EXERCISE: Repeat the data that follows exactly, starting at the line with "ファーコート ファーブルゾン レディース" and ending at the line with "These plastic spiral", and leave out every picture.

SOURCE RECORDS:
+ + +

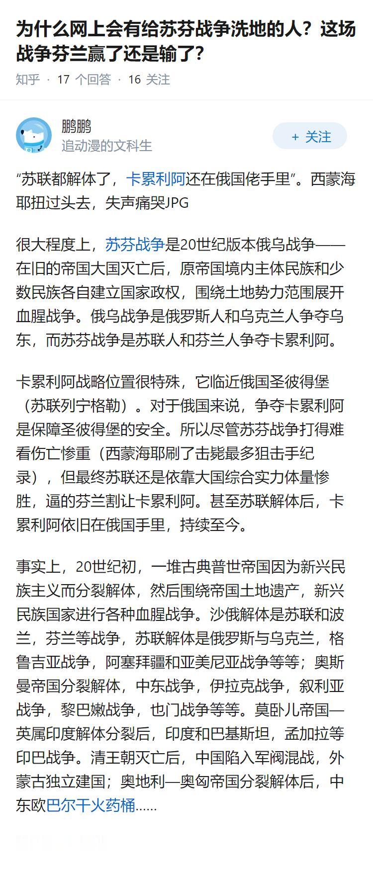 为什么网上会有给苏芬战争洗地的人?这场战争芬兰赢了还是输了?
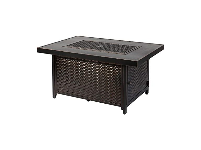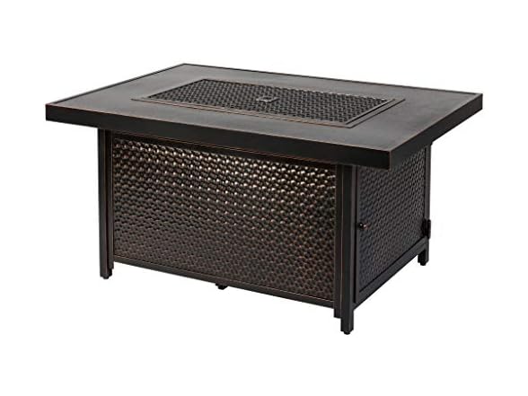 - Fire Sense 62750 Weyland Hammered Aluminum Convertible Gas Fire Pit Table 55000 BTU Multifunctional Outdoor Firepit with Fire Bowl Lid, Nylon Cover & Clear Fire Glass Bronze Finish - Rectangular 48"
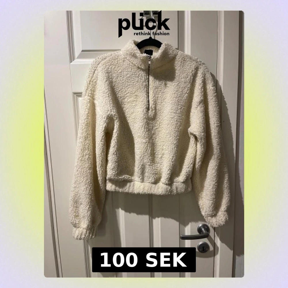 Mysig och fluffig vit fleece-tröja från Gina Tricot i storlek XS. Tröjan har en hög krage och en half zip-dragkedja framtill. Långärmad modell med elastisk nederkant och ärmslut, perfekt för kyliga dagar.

+ + +

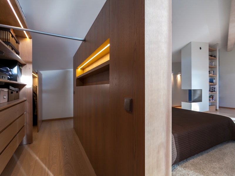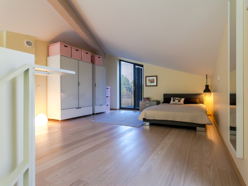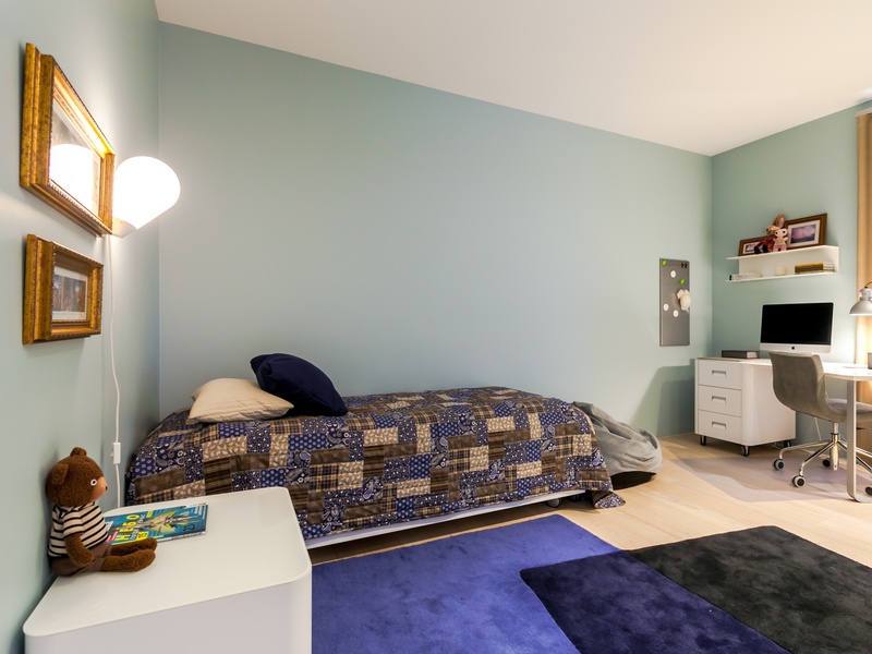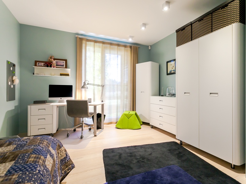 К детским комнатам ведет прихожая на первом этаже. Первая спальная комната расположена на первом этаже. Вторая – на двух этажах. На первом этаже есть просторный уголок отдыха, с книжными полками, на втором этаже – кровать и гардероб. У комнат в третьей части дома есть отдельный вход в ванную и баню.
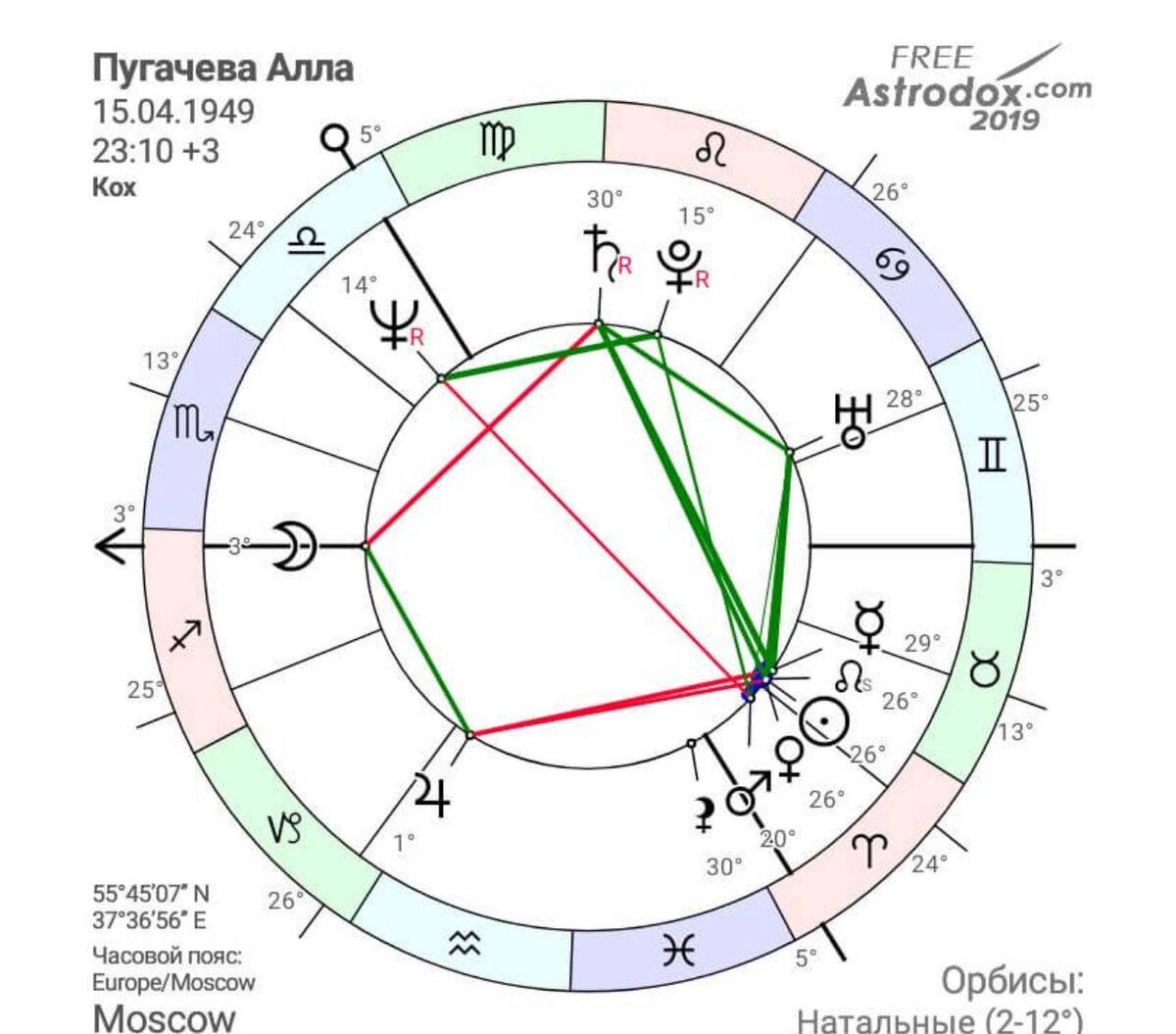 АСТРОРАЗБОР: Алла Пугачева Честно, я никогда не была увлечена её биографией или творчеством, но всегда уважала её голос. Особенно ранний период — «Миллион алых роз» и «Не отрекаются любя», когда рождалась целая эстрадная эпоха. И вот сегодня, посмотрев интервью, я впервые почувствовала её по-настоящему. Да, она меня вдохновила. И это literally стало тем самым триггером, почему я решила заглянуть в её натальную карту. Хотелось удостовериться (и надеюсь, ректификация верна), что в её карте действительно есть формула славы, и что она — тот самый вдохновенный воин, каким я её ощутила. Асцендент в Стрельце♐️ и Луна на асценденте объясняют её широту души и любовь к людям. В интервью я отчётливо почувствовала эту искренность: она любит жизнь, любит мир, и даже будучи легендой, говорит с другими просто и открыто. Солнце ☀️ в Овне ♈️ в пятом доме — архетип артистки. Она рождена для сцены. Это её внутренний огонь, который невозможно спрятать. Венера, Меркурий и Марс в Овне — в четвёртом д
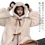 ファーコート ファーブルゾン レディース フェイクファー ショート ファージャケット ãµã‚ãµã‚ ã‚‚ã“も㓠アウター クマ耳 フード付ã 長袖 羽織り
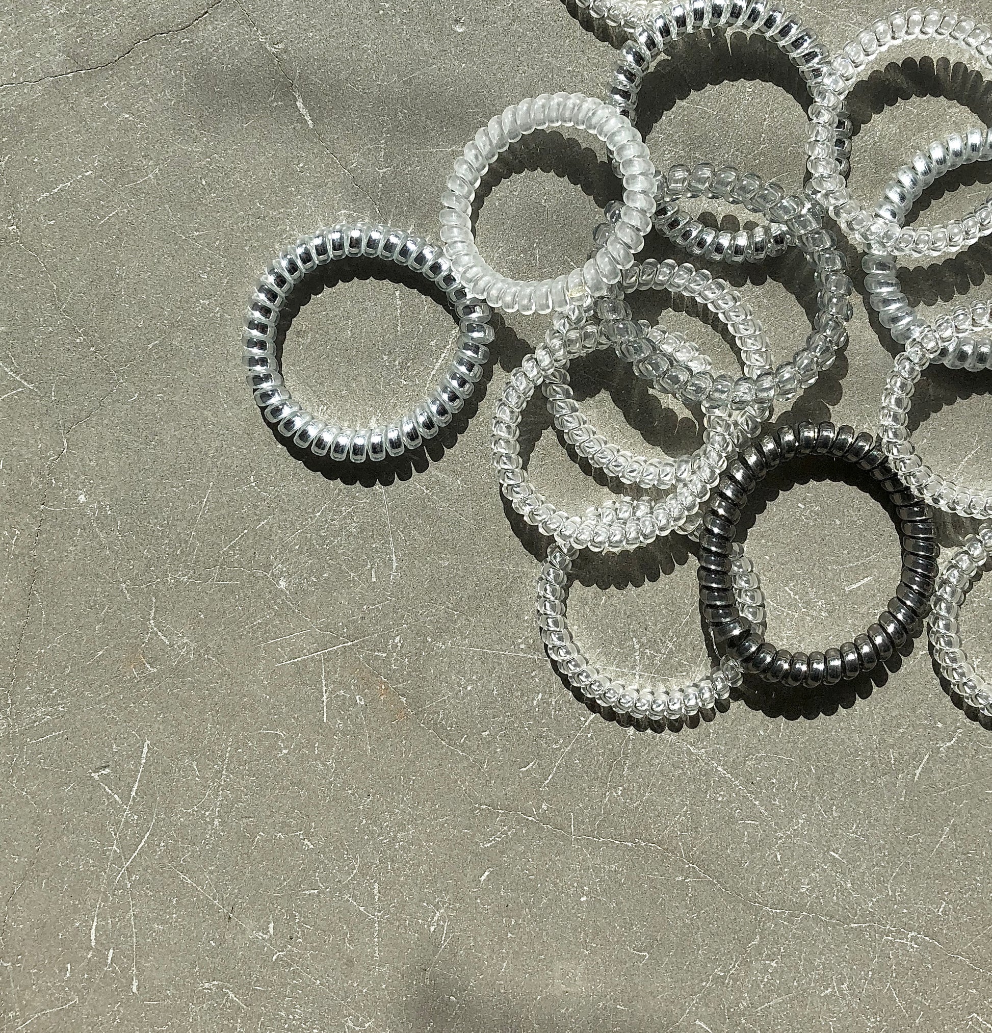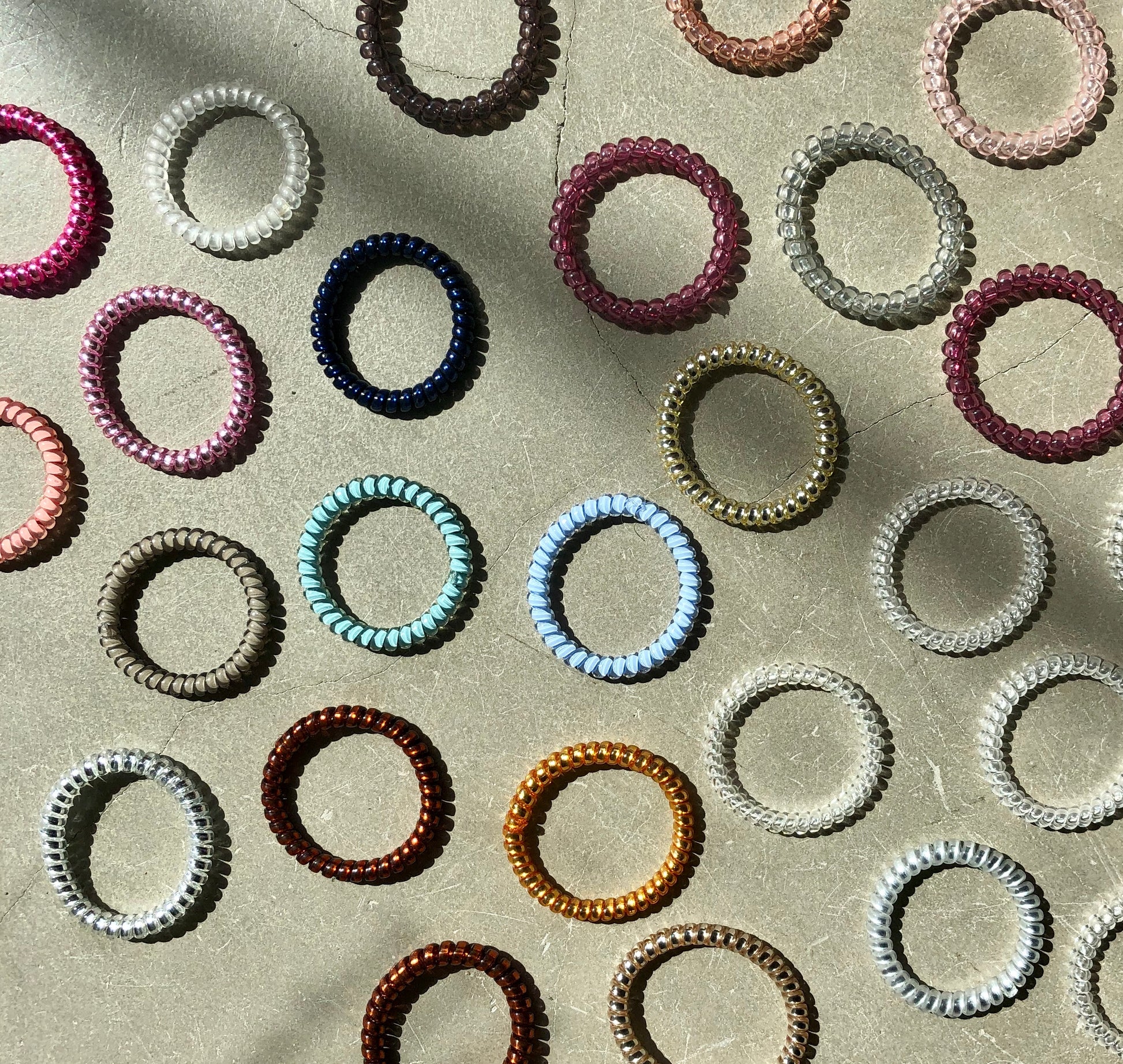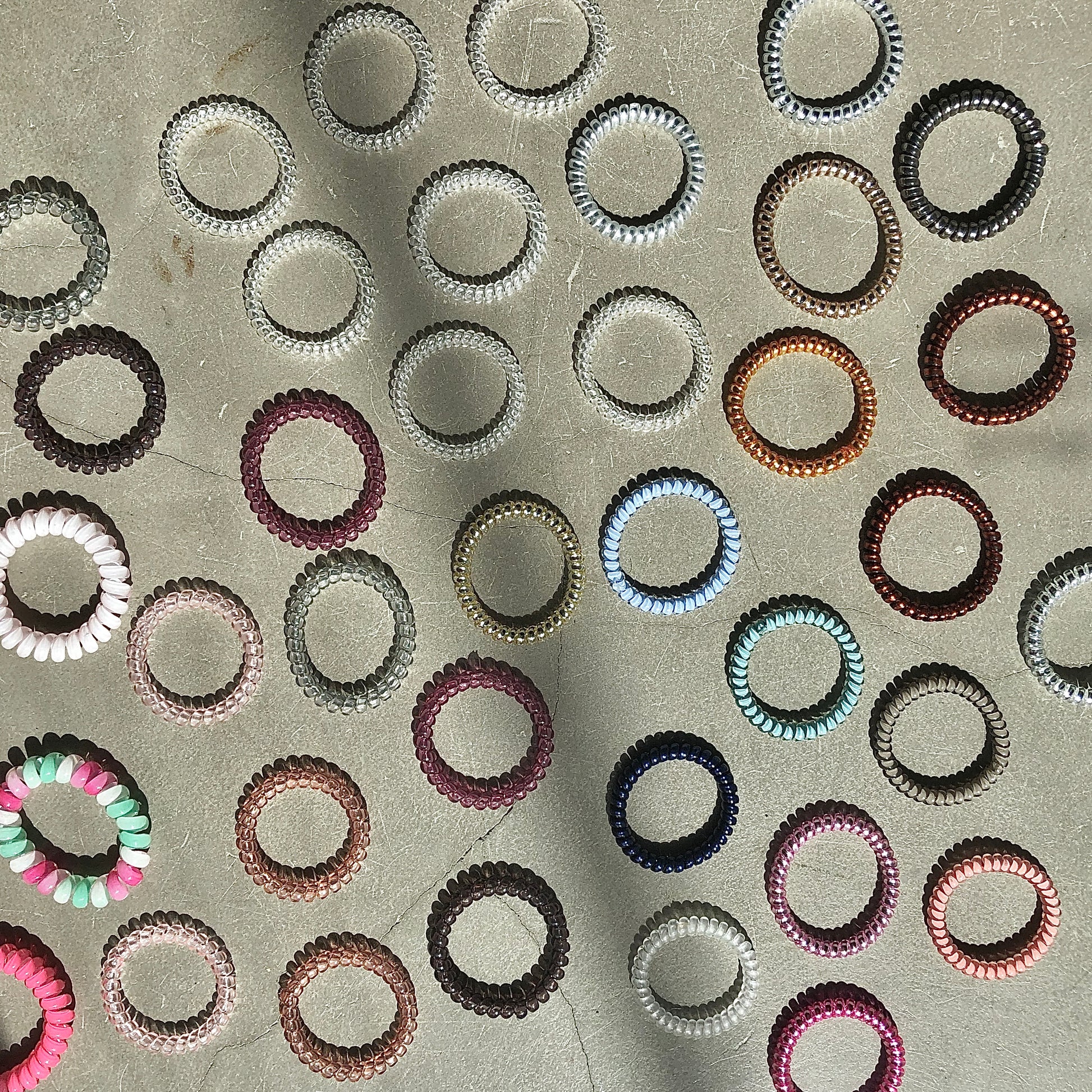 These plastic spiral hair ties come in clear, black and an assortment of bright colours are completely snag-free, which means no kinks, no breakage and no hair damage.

+ + +

PROBLEM SOLUTION:
 ファーコート ファーブルゾン レディース フェイクファー ショート ファージャケット ãµã‚ãµã‚ ã‚‚ã“も㓠アウター クマ耳 フード付ã 長袖 羽織り
 These plastic spiral hair ties come in clear, black and an assortment of bright colours are completely snag-free, which means no kinks, no breakage and no hair damage.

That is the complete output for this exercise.